▶ _Activity_
Write out exactly the lines between the line containing "Ein weißer Eisbär" and the end of the records, counting both ends, and leave out all pictures.

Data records

★ ★ ★ ★ ★ ★ ★

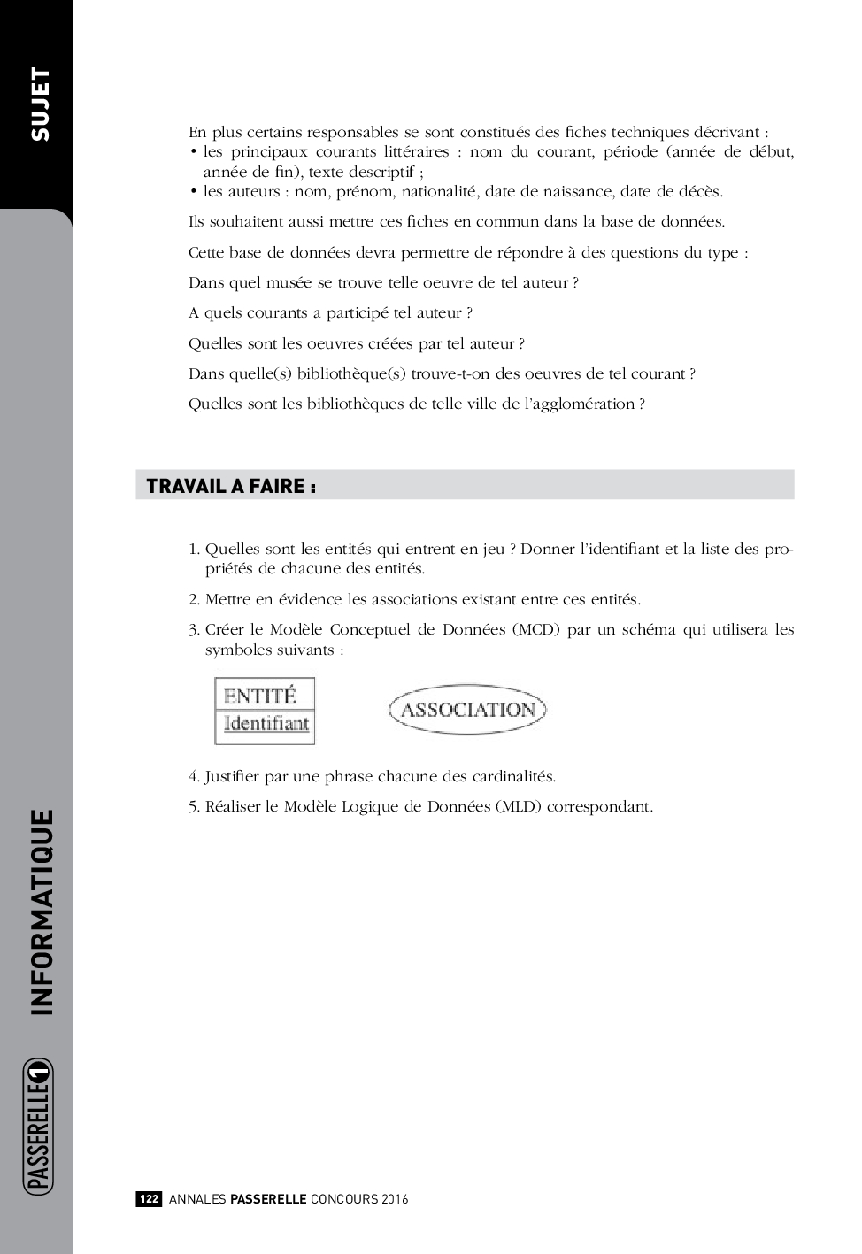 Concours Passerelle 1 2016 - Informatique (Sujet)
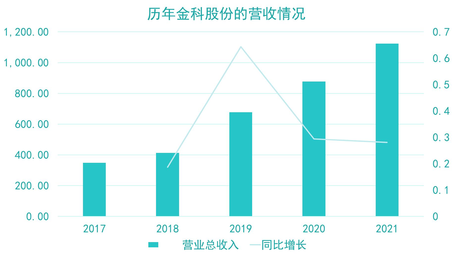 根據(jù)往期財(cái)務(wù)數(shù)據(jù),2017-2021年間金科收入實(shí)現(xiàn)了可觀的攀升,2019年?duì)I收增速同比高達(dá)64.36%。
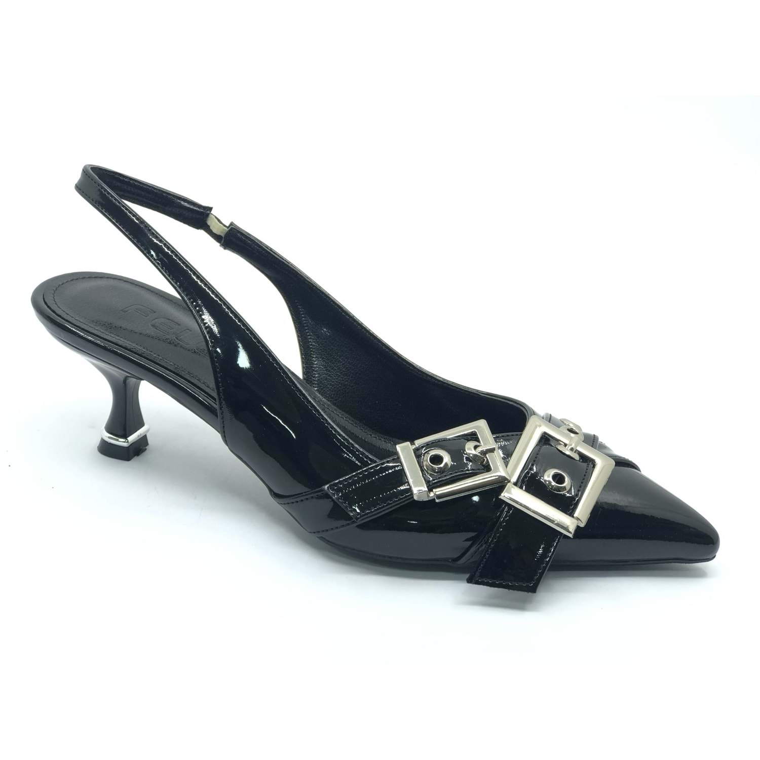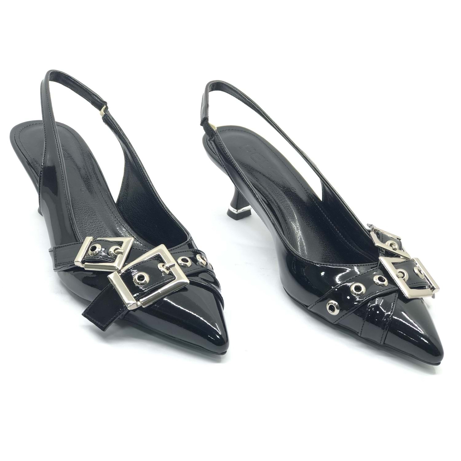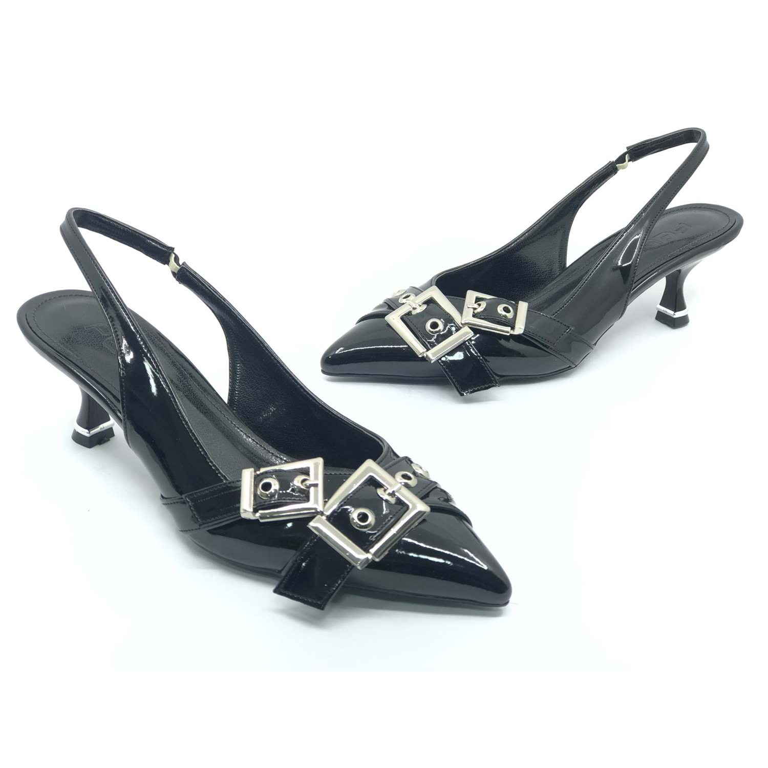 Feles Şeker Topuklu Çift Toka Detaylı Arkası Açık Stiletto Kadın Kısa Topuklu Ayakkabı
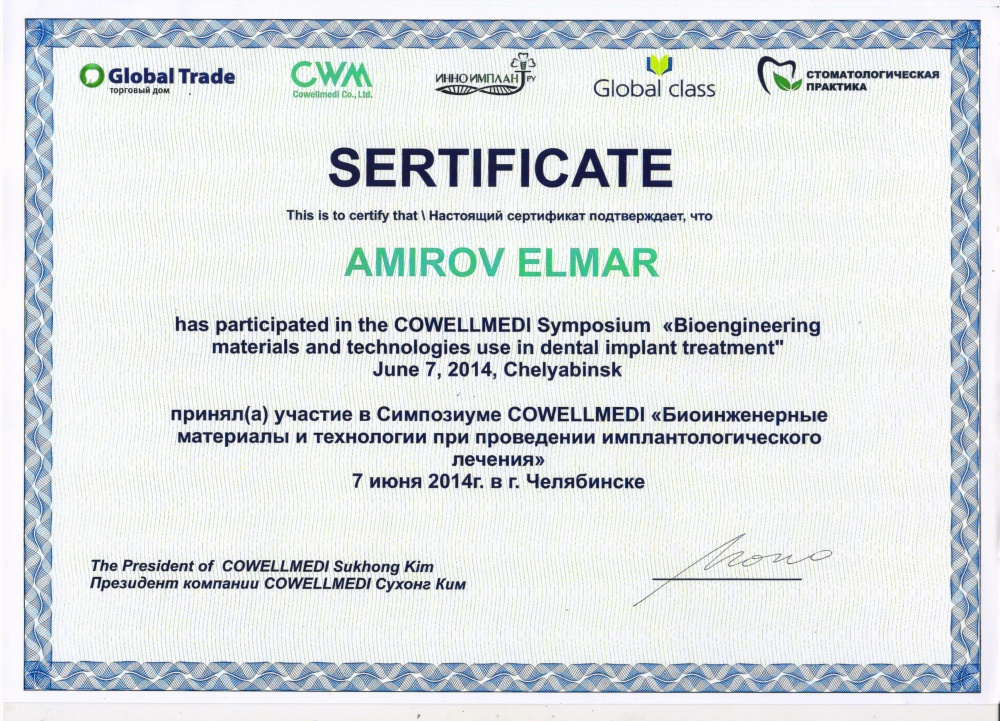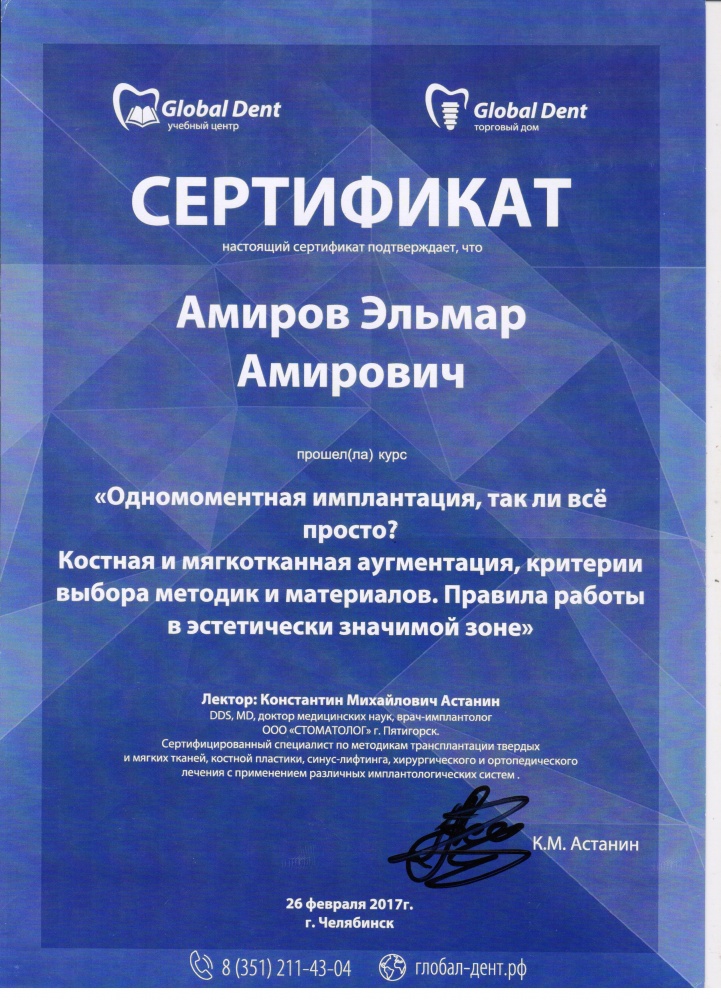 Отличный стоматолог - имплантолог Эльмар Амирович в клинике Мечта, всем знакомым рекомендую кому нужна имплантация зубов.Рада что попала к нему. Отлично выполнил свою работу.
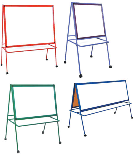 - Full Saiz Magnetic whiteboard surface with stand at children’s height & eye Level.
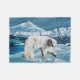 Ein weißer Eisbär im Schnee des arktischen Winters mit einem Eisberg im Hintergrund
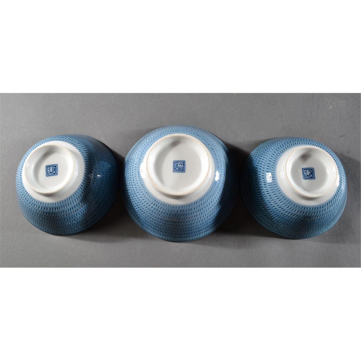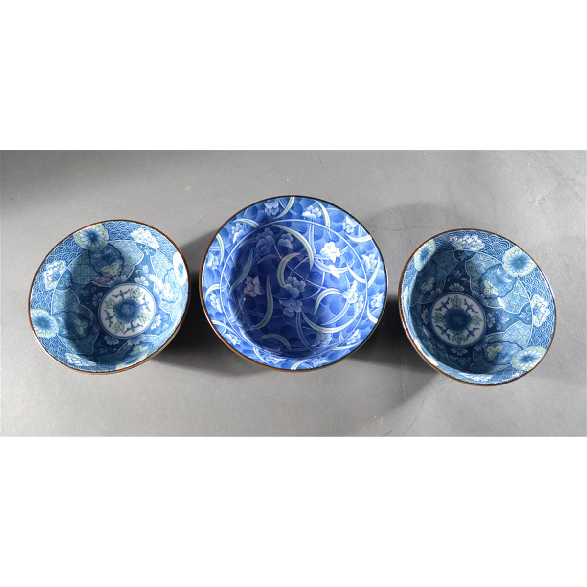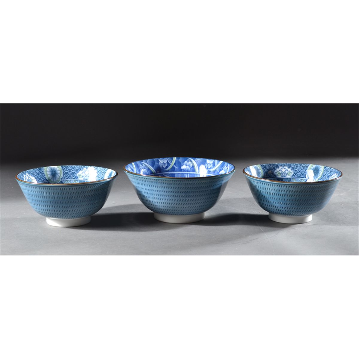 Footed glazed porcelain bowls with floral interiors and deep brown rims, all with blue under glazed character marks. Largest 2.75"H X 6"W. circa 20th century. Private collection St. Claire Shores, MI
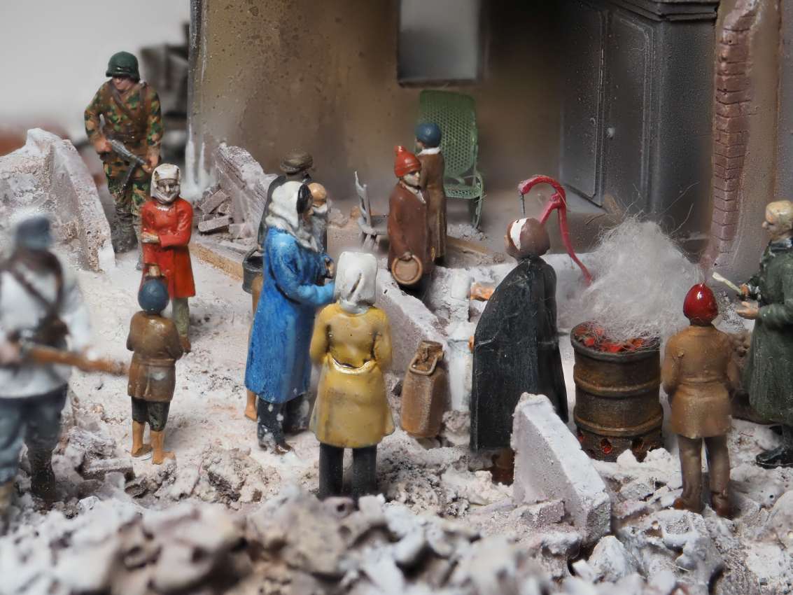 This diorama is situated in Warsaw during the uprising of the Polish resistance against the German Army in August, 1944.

★ ★ ★ ★ ★ ★ ★

▶ _Solution below_
 Ein weißer Eisbär im Schnee des arktischen Winters mit einem Eisberg im Hintergrund
 Footed glazed porcelain bowls with floral interiors and deep brown rims, all with blue under glazed character marks. Largest 2.75"H X 6"W. circa 20th century. Private collection St. Claire Shores, MI
 This diorama is situated in Warsaw during the uprising of the Polish resistance against the German Army in August, 1944.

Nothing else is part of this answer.